While sporadic gunfire could still be heard around Abidjan at midmorning Monday, the violence had sharply diminished and the government appears to be back in control.
The attempted coup happened while President Laurent Gbagbo was out of the country.
In the aftermath of the coup attempt, the streets were nearly deserted in much of the city, apart from soldiers brandishing guns. Two bodies, one in civilian clothes and the other stripped to his underwear, lay by the side of a highway on the edge of downtown.
Two paramilitary officers were killed and many others injured, Defense Minister Lida Kouassi said on state television. A number of assailants also were killed, according to Kouassi.
Fifteen people have been arrested and security forces are searching for more suspects.
The trouble began about 11:30 p.m. Sunday with the clatter of machine-guns and the thud of heavy weapons in downtown Abidjan and in a number of suburban neighborhoods.
"I heard shooting and big explosions," says an Abidjan resident who lives near the television station. "They were close enough to shake the house."
Beginning about 4 a.m., state radio, which earlier had gone off the air, began playing the national anthem, and a man who did not identify himself read a brief statement.
"At the hour that we speak, the country has undergone another page of our history. Radio and television are currently in the hands of the military," he said. "I want to reassure the population that their security is guaranteed...I ask all our brothers in arms to align themselves."
The government says small groups of men commandeered taxis and other vehicles to attack state broadcasting offices in downtown Abidjan, Ivory Coast's main city, and in the exclusive Cocody suburb.
The presidential residence, a military base and a paramilitary police compound also came under attack.
The Ivory Coast, the world's largest cocoa producer, has seen more than a year of political and ethnic chaos. Soldiers, speaking on condition they not be named, have warned in recent days of sharp divisions within the military. There have also been rumors of an attempted comeback by ousted junta leader Gen. Robert Guei.
The instability began with a coup in December 1999 that brought Guei to power and shook the country's reputation for stability. It was followed by two major military uprisings, tumultuous elections and a brutal wave of killings.

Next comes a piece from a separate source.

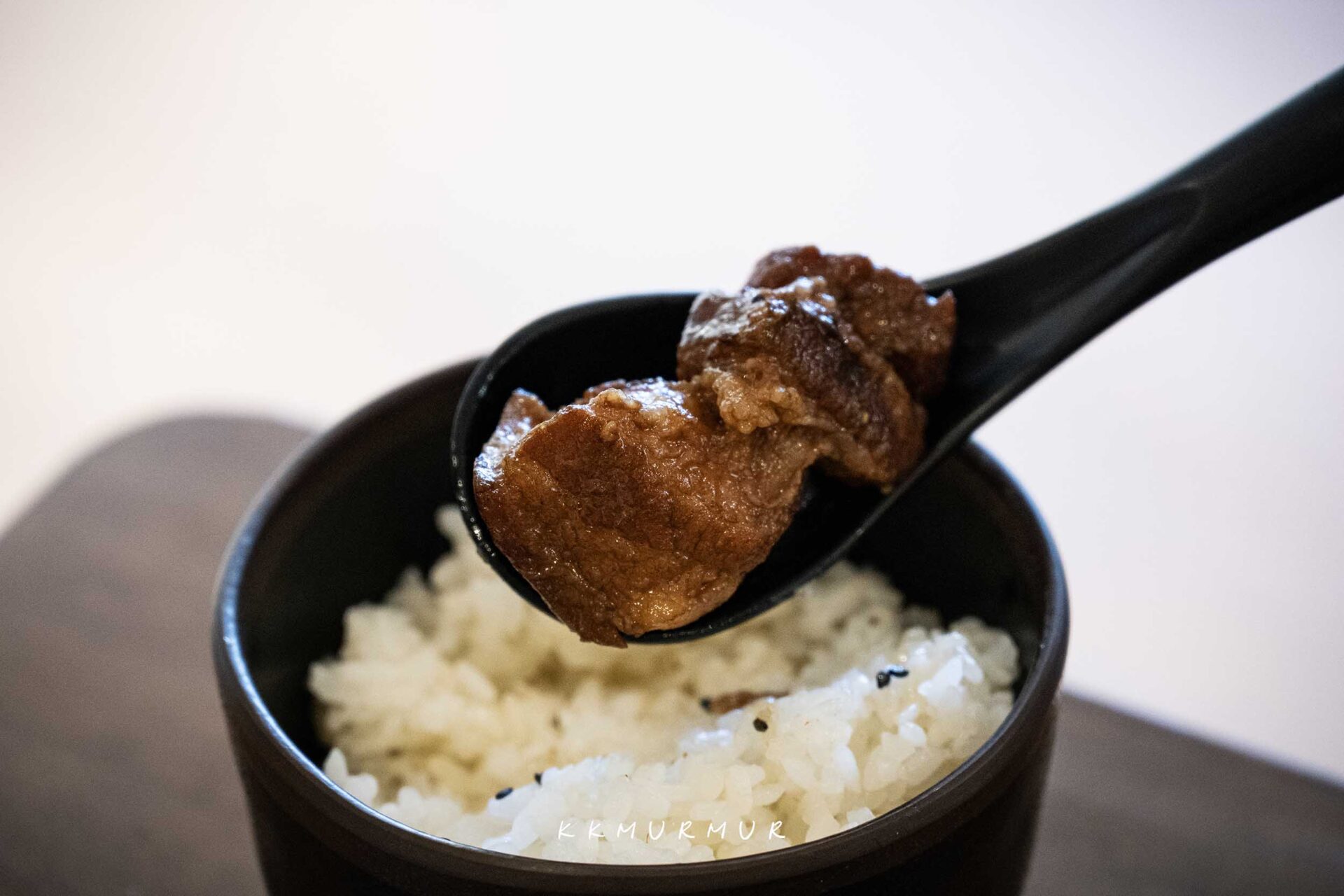 【私房紅燒肉】也是店內的人氣品項,除了點套餐外,也可以像我這樣單點一份來品嘗。肉質軟嫩中兼具了爽快的咀嚼肉感,肥肉部份油香逼人很對味,但也不會容易感到過於膩口。風味部分,醬香鮮明並帶點甜,鹹甜鹹甜的口味很討喜,難怪紅燒肉套餐一直是店內的人氣品項,整體是好吃且下飯的!
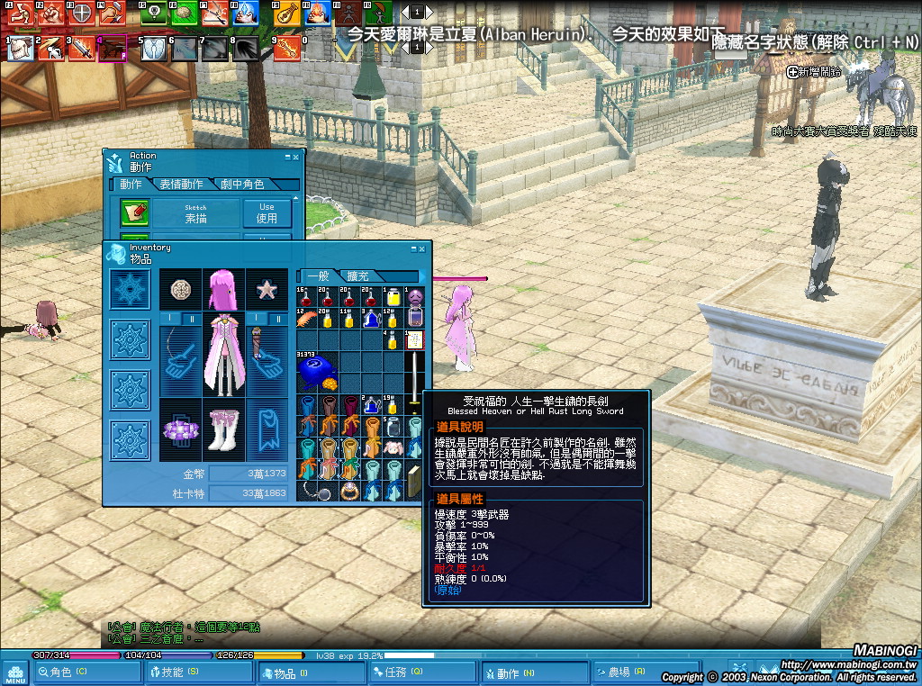 某希 [ Lv.35 ] ? 2012-01-19 00:07:52 本來抽到這劍很興致勃勃的拿在手裡然後在杜巴亂晃 沒半天打開背包來看發現它紅了…(沒耐意味 我什麼也沒做啊?! |

Presidential elections t restore democracy in October led to more violence when Guei tried to steal a win, leading to a popular uprising that brought Gbagbo to power.
But Gbagbo's triumph rapidly disintegrated into political and ethnic fighting between his supporters and those of rival opposition leader, Alassane Dramane Ouattara.
Ouattara, a Muslim, was barred from running for president and later for parliament because of questions about his nationality. He insists that he and his parents are Ivorian.
Street violence, sparked by Ouattara's exclusion, shook Abidjan again this December, and tensions persist between Gbagbo's mainly southern, Christian followers and Ouattara's mostly northern, Muslim supporters.
At least 200 people have been killed since last summer, in ethnic and political violence involving Ouattara's supporters.